__Task__
Only the pictures are dropped. Restate each line below word for word.

__Collected data__

===============

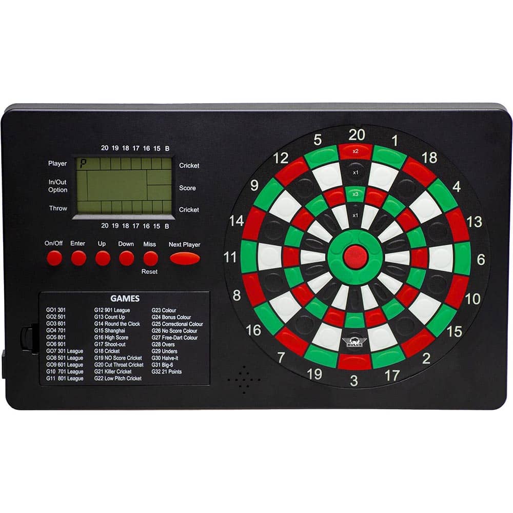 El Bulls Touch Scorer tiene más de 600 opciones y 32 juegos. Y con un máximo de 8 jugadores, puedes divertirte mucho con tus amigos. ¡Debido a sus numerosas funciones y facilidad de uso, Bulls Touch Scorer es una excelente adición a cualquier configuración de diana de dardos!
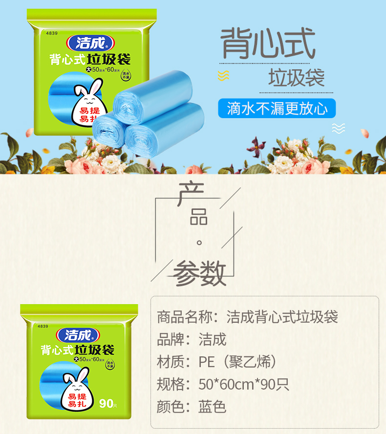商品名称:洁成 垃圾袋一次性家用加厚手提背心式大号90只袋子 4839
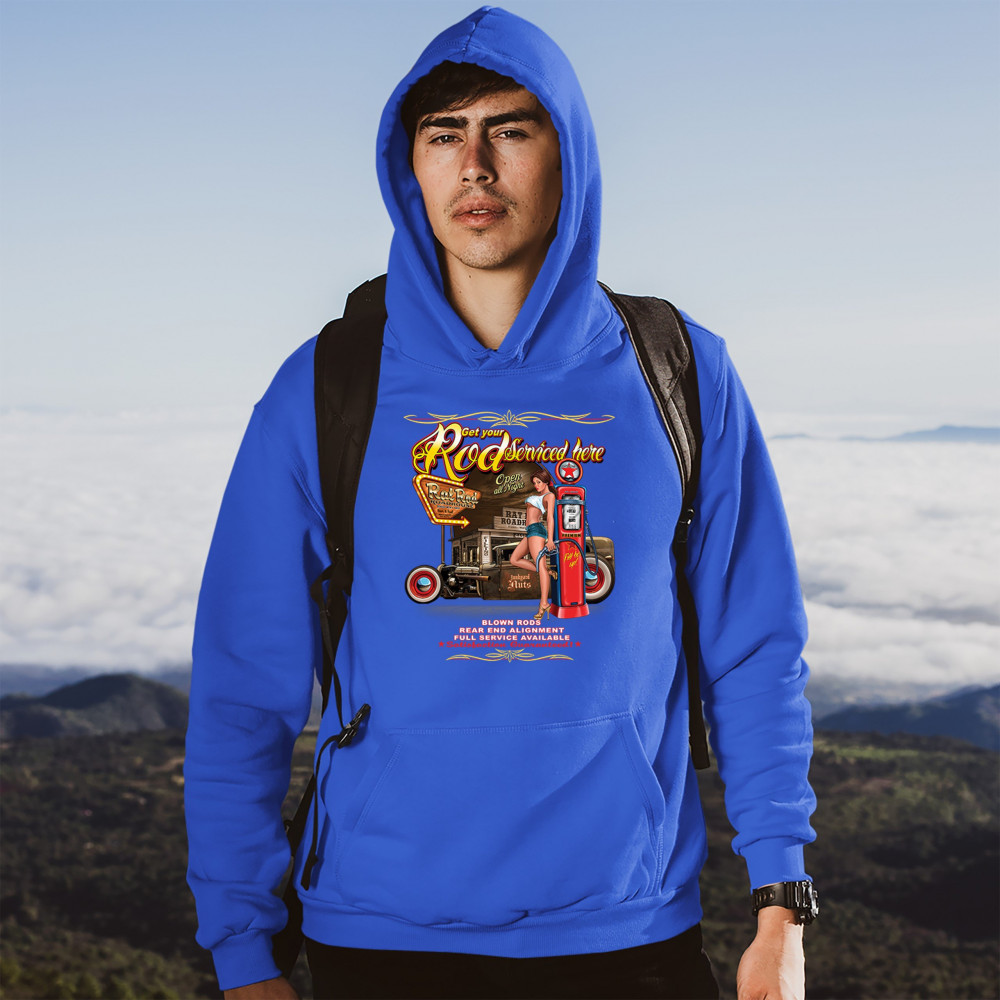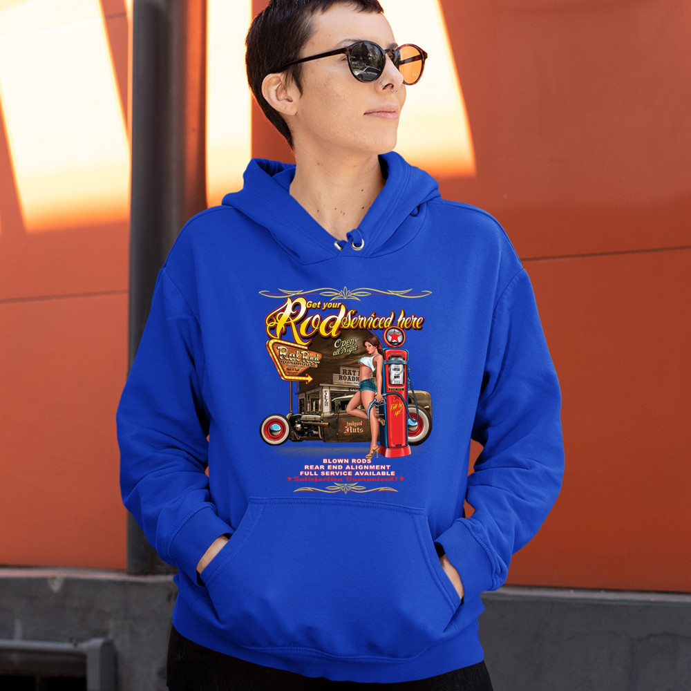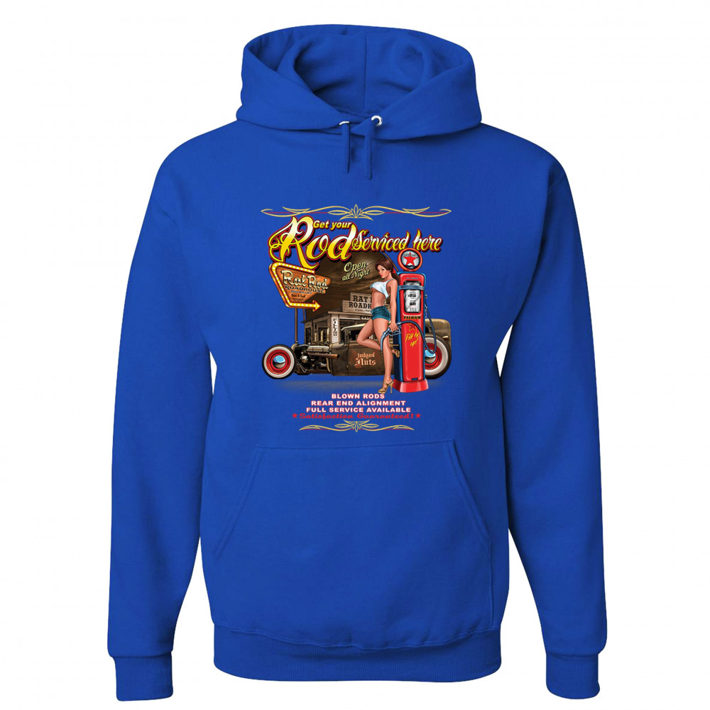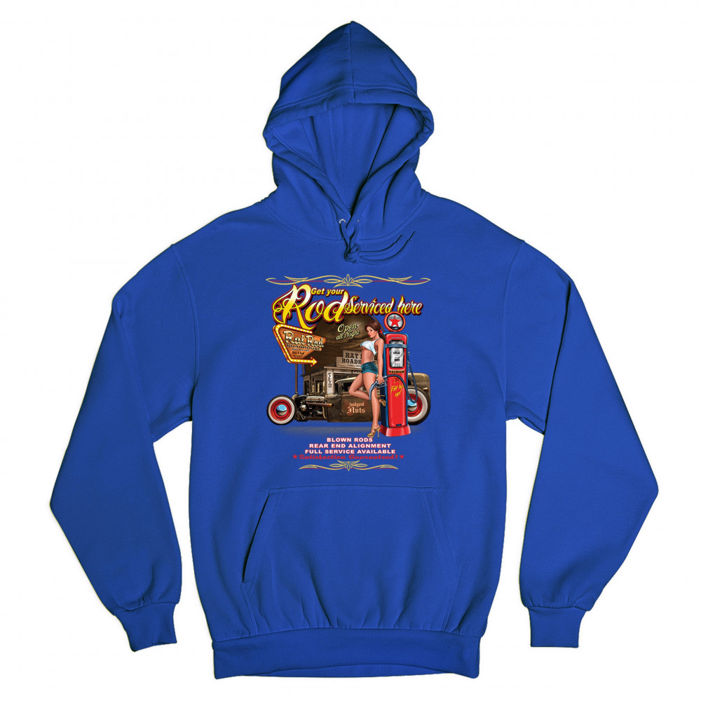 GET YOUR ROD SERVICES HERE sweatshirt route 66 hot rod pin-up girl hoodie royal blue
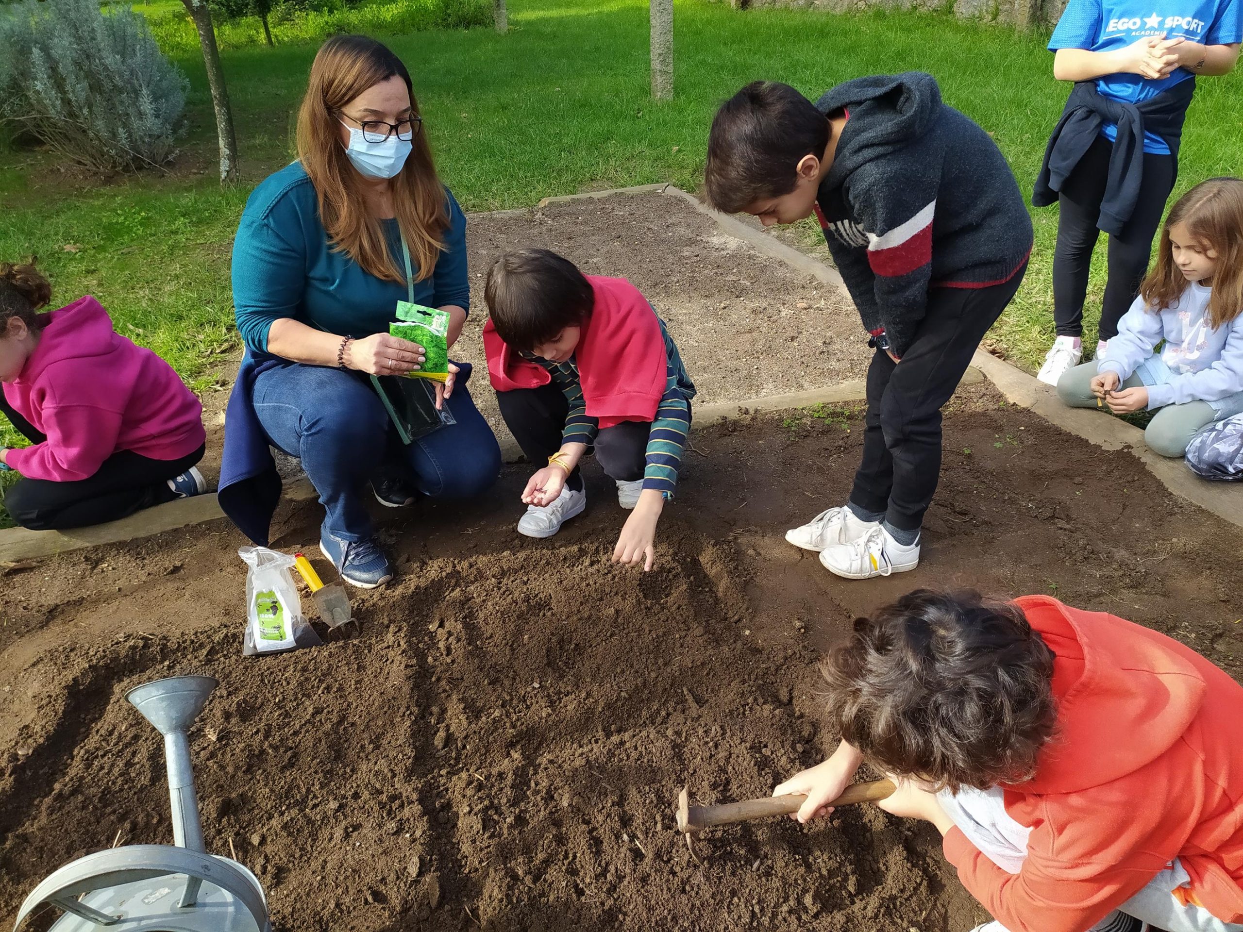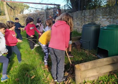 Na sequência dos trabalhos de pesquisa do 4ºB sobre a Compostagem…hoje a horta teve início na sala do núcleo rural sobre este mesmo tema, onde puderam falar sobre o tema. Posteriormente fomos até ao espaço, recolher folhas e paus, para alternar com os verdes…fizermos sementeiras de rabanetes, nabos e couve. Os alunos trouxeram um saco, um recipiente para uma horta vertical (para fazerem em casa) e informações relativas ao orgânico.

===============

__Answer section__
 El Bulls Touch Scorer tiene más de 600 opciones y 32 juegos. Y con un máximo de 8 jugadores, puedes divertirte mucho con tus amigos. ¡Debido a sus numerosas funciones y facilidad de uso, Bulls Touch Scorer es una excelente adición a cualquier configuración de diana de dardos!
商品名称:洁成 垃圾袋一次性家用加厚手提背心式大号90只袋子 4839
 GET YOUR ROD SERVICES HERE sweatshirt route 66 hot rod pin-up girl hoodie royal blue
 Na sequência dos trabalhos de pesquisa do 4ºB sobre a Compostagem…hoje a horta teve início na sala do núcleo rural sobre este mesmo tema, onde puderam falar sobre o tema. Posteriormente fomos até ao espaço, recolher folhas e paus, para alternar com os verdes…fizermos sementeiras de rabanetes, nabos e couve. Os alunos trouxeram um saco, um recipiente para uma horta vertical (para fazerem em casa) e informações relativas ao orgânico.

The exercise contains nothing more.